Notably, light/dark conditions can modulate Mel levels in plants. In herbaceous peony, Mel production depends on light availability, specifically increasing at the bloom stage of its development [13]. This increase, in turn, can be correlated with enhanced gene expression patterns of the rate-limiting enzyme, TDC [13]. Likewise, expression levels of genes encoding for Ser and Mel biosynthetic enzymes in rice are also altered during light and dark conditions [14][15].

Mel regulates multiple plant physiological pathways such as growth and reproduction, senescence, chrono-regulation, root and shoot organogenesis and diverse hormonal crosstalk, as well as stress responses [16][17][18][19]. It acts as a scavenger of reactive oxygen species, reduces cellular damage in plants by repairing mitochondria and improves the shelf life of fruits and vegetables, owing to its antioxidant properties [20][21][22][23]. The multifunctional roles of Mel in plants and the recent discovery of the first plant Mel receptor has led to emerging speculations of Mel acting as a new phytohormone or master regulator [24]. Likewise, Ser also plays diverse roles in plants, with its functions in stress response being delineated in the last decade [7][25][26].
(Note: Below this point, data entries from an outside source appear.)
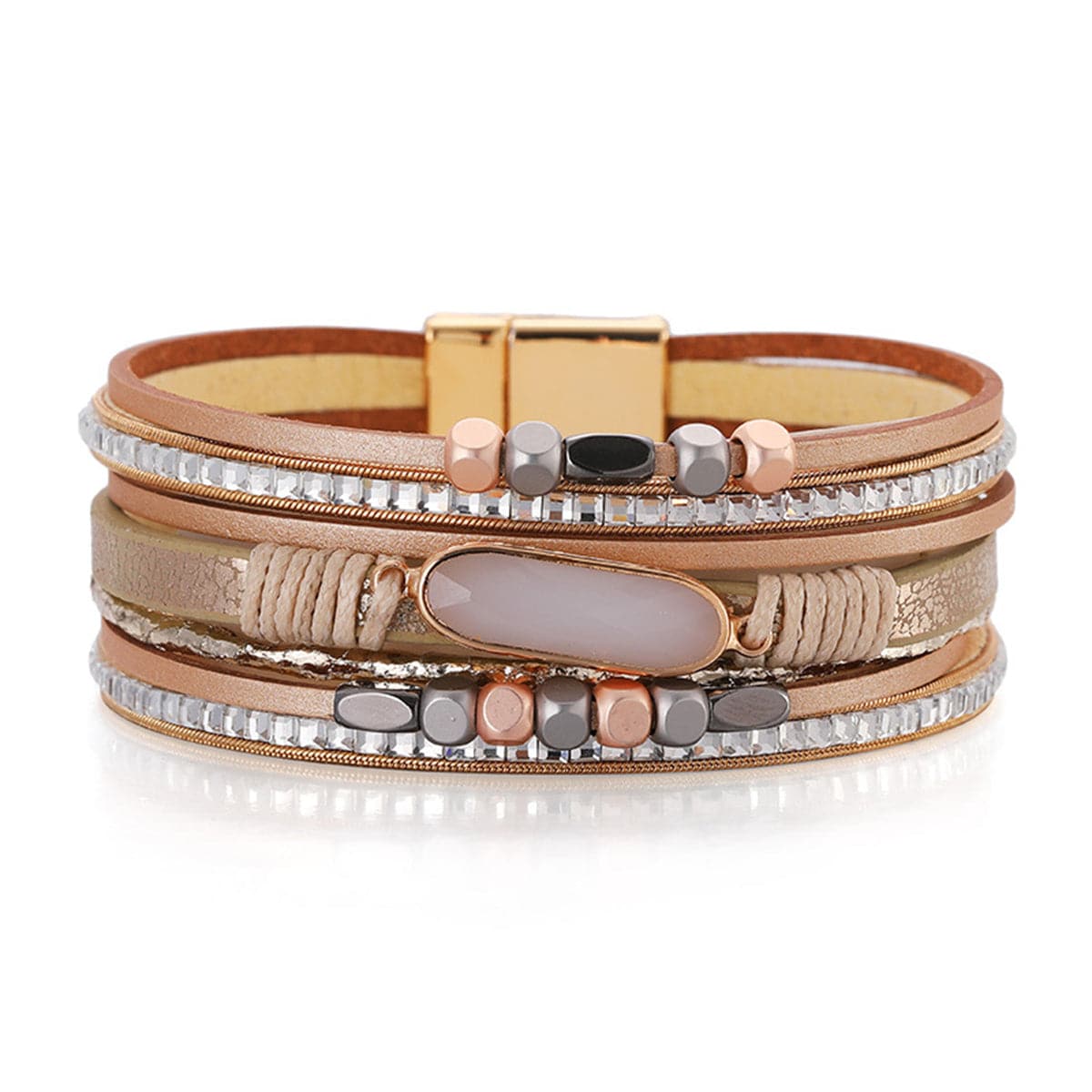 Add a boho touch to your look with this layered bracelet featuring a crystal.
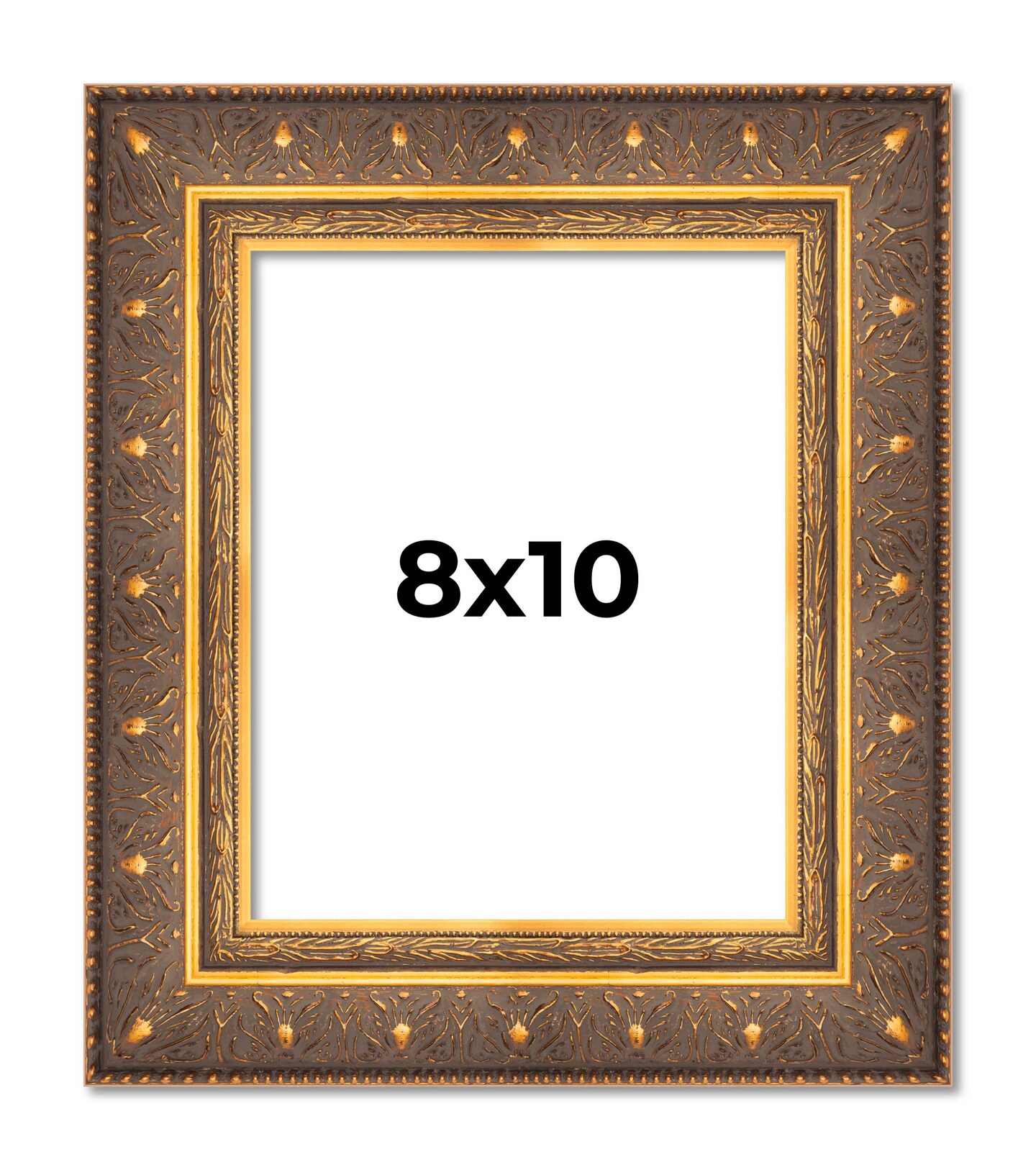 8x10 Museum Gold Picture Frame - UV Acrylic, Foam Board Backing, Hanging Hardware
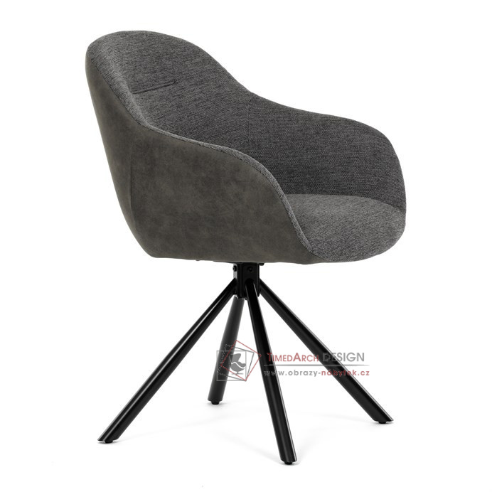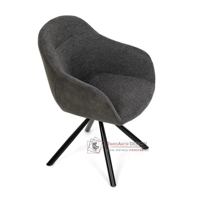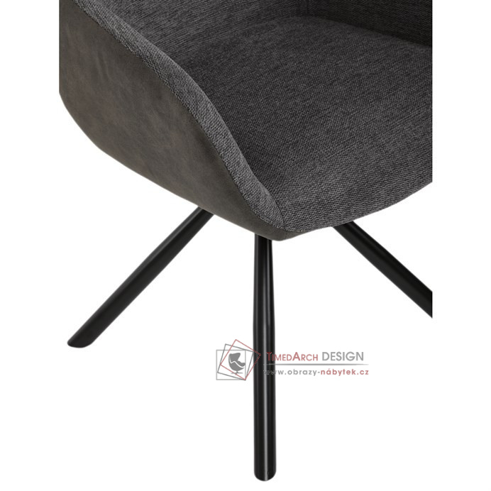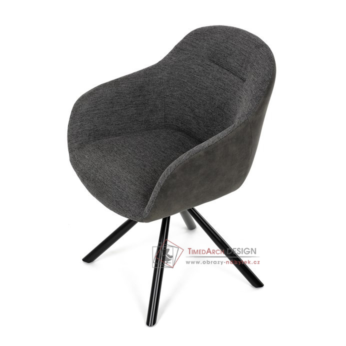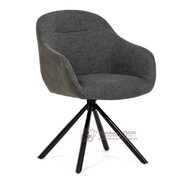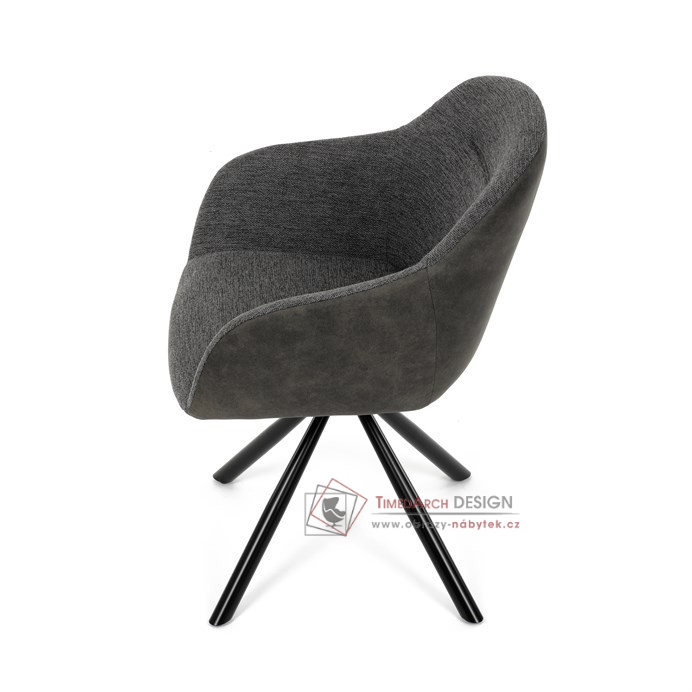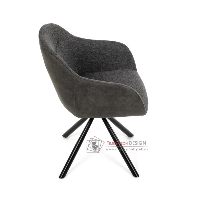 Židle dodává interiéru šmrnc a originalitu. Odolné látkové čalounění slibuje pohodlí a dlouhou životnost. Kovové nohy zajišťují stabilitu a moderní vzhled. Díky otočné funkci L90°/P90° s vratným mechanismem snadno přizpůsobíte směr sezení svým potřebám. Područky poskytují extra komfort při delším sezení, ideální pro pracovny nebo obývací pokoje.

Importantly, the role of Ser and Mel in mediating stress-related signalling is also emerging [19][27][28][29][30]. Ser and Mel have been shown to regulate root growth in sunflower under salinity stress [31]. Interestingly, nitric oxide in conjunction with Mel modulates glutathione reductase activity and alters glutathione content in sunflower seedling cotyledons under salinity stress conditions [32]. Indeed, Mel along with nitric oxide acts as a salt-signalling molecule in sunflower and mediates stress responses via its antioxidant property [33]. In addition, microRNAs (miRNAs) have also been found to modulate abiotic stress responses in plants [34]. Furthermore, Mel in conjunction with a specific miRNA, miR398, has been found to mediate oxidative and heavy metal stress tolerance in plants [35].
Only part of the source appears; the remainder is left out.